Intrauterine insemination

Insemination (IUI) is the simplest and the least burdening for a woman method of assisted reproduction. It involves injecting the specially selected sperm cells into the uterine cavity. This method allows to select from the partner’s semen specimen the most fit and valuable sperm cells, and to eliminate the factors which prevent the fertilisation at the stage of vagina or the cervical canal. In addition, the sperm cells are subjected to activation which facilitates the egg fertilisation or – in the case of some couples – makes it possible.

Indications for treatment

The indications to insemination include the diagnosed problems with the sperm cells getting through the mucus in the cervical canal (irrespective of the cause) and long-lasting efforts to achieve pregnancy in the case of couples which reject the option of in vitro fertilisation. Insemination is performed also in mild endometriosis. Sometimes – when the couple’s infertility is due to the reasons attributable to the male partner (poor semen parameters) or the couple doesn’t want to use in vitro fertilisation – the insemination is performed with a donor sperm.

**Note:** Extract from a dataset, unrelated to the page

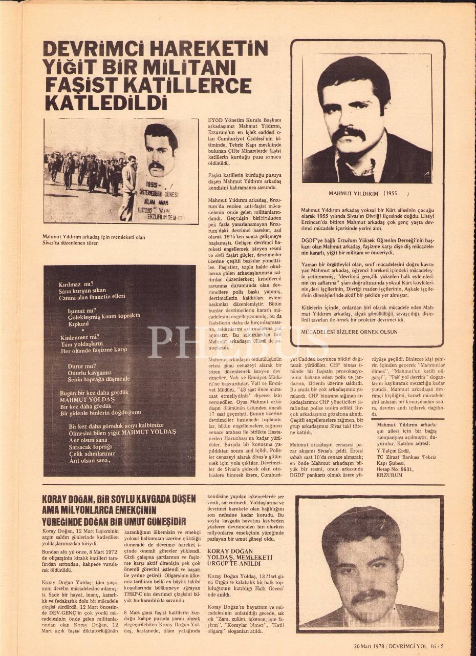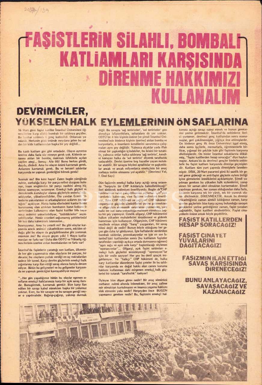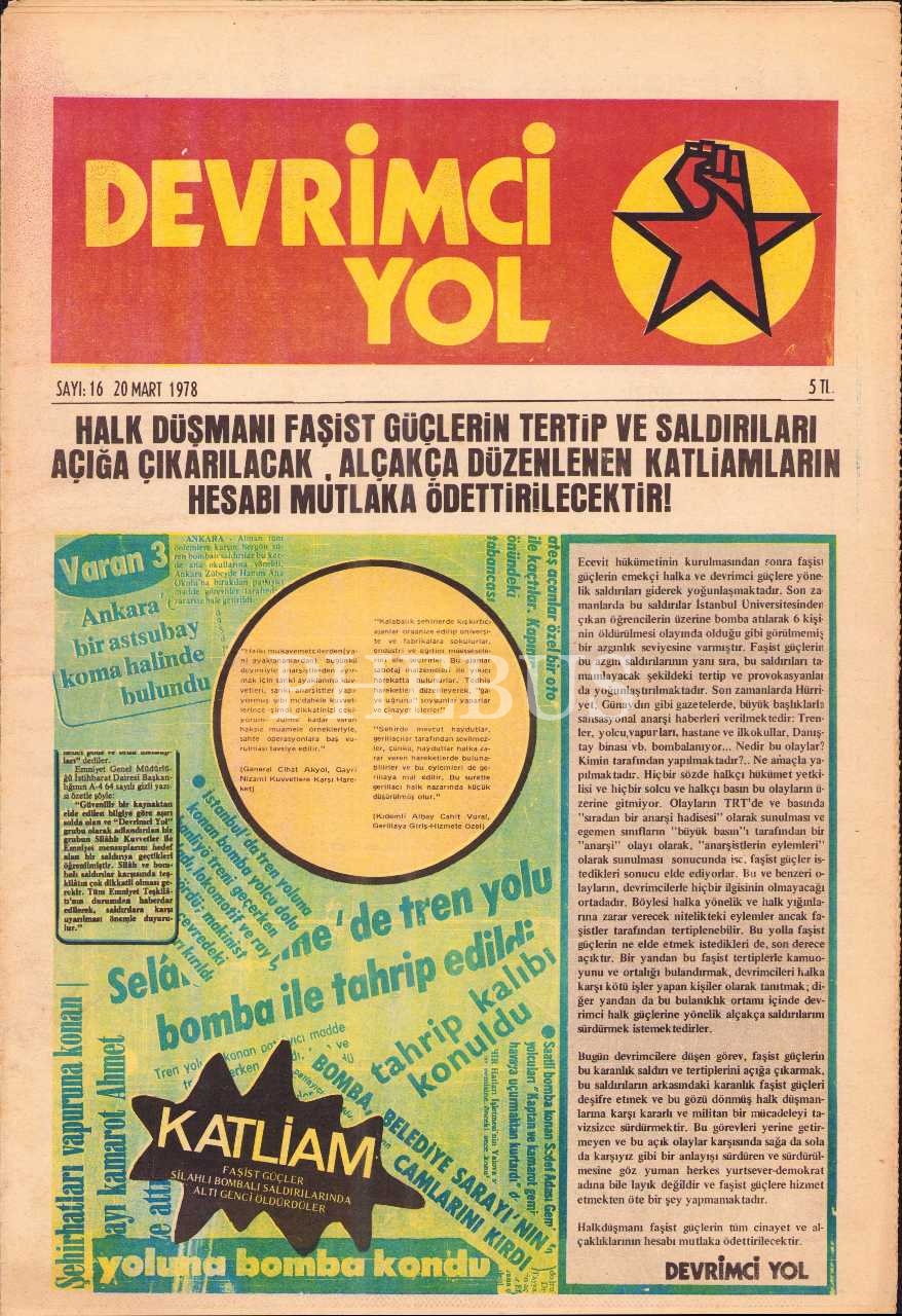 Devrimci Yol gazetesinin 16. sayısı, 20 Mart 1978, 29x42 cm

The Patients of INVICTA Clinic may use on of the two options:

  • intrauterine insemination using a partner’s sperm (IUI)
  • intrauterine insemination with donor sperm (AID)

Insemination using a partner’s sperm (IUI)

In both cases the procedure involves the insertion of the adequately prepared semen of the patient’s partner into the uterine cavity, using a special catheter. Prior to the treatment the patient undergoes hormonal stimulation to increase the probability of pregnancy. After confirming the maturity of the Graafian follicle on the basis of hormonal tests and ultrasound imaging, the treating physician will decide on the date of the insemination. On the day of scheduled insemination the partner donates sperm, which is then subjected to a special treatment in which it is rinsed and centrifuged. This allows to obtain a fraction of sperm with the greatest fertile potential. The procedure of semen preparation lasts approximately 2 hours, therefore the semen should be delivered to the laboratory sufficiently in advance. In order to perform the procedure the laboratory of embryology has to have the possibility to prepare at least several million sperm cells.

The insemination procedure takes place during a standard visit, and usually it is not painful. After the procedure the patient can walk, drive, etc. Occasionally patients may experience light spotting after the procedure.

Insemination with donor sperm (AID)

In the case of insemination with donor sperm the procedure is performed in a standard way (like in the case of intrauterine insemination with a partner’s sperm), but with the use of semen originating from an anonymous donor. Donor semen may be used by the couple where the absence of sperm cells in the male partner’s semen was confirmed, and the treatment is unsuccessful.

The donors are young men (up to 40 years of age) who underwent detailed screening tests for the potential risk of carrying infectious, mental and genetic diseases. In addition, every prospective donor is subjected to genetic analysis – karyotype (a set of chromosomes) testing. This way we exclude the donors who may be the carriers of balanced or Robertsonian translocations, which may have impact on the occurrence of genetic defects in offspring. Donor sperm can be used for the purposes of assisted reproduction methods only after the lapse of the withdrawal period (minimum 6 months) and after the performance of virological and microbiological tests. Data of the sperm donors and recipients are kept secret; the same applies to the fact of using the sperm bank by a given couple. A couple select the donor on the basis of a blood type, Rh factor and external morphological features: height, eye colour, hair.